* **Data block**
··········

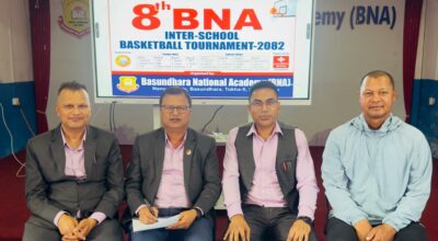 काठमाडौँ : बसुन्धरा नेसनल एकेडेमी (बिएनए) को आयोजनामा मङ्गलबारदेखि आठौँ बीएनए कप अन्तरविद्यालय बास्केटबल प्रतियोगिता हुने भएको छ । प्रतियोगिताअन्तर्गत
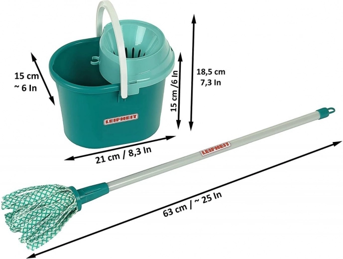 Realistische set voor kleine helpers in het huishouden: kinderemmer met opzet-wringer en een strokenmop onder de licentie van LEIFHEIT van het merk KLEIN. Geschikt om volwassenen na te bootsen, gemaakt van duurzame materialen en kan ook met water worden gebruikt voor een nog realistischer spel.
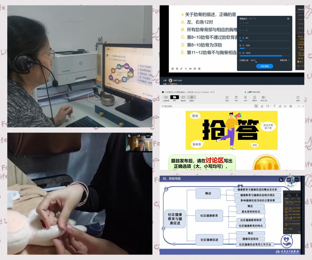 受疫情的影响,学校暂停线下教学,开启了将近一个月的线上授课。线上教学成为护理学院师生传送知识、交流情感的纽带。老师们结合课程特点和线上经验,积极调整教学方式和方法,一方面保证在“没有眼神交流”的情况下尽量将知识点讲透,还要辅以练习确保学生尽可能地掌握课程内容;另一方面,结合网课的特点合理有效设计PPT、互动环节、休息时间等,让网课更加有“现场感”,同时又让学生感受到老师的关心关爱,让网课更加有“温度”。

··········

* **Task details**
Pictures do not belong in the copy. Repeat exactly each line from the one with "Realistische set voor" through the end of the listing.

* **Answer to this exercise**
 Realistische set voor kleine helpers in het huishouden: kinderemmer met opzet-wringer en een strokenmop onder de licentie van LEIFHEIT van het merk KLEIN. Geschikt om volwassenen na te bootsen, gemaakt van duurzame materialen en kan ook met water worden gebruikt voor een nog realistischer spel.
 受疫情的影响,学校暂停线下教学,开启了将近一个月的线上授课。线上教学成为护理学院师生传送知识、交流情感的纽带。老师们结合课程特点和线上经验,积极调整教学方式和方法,一方面保证在“没有眼神交流”的情况下尽量将知识点讲透,还要辅以练习确保学生尽可能地掌握课程内容;另一方面,结合网课的特点合理有效设计PPT、互动环节、休息时间等,让网课更加有“现场感”,同时又让学生感受到老师的关心关爱,让网课更加有“温度”。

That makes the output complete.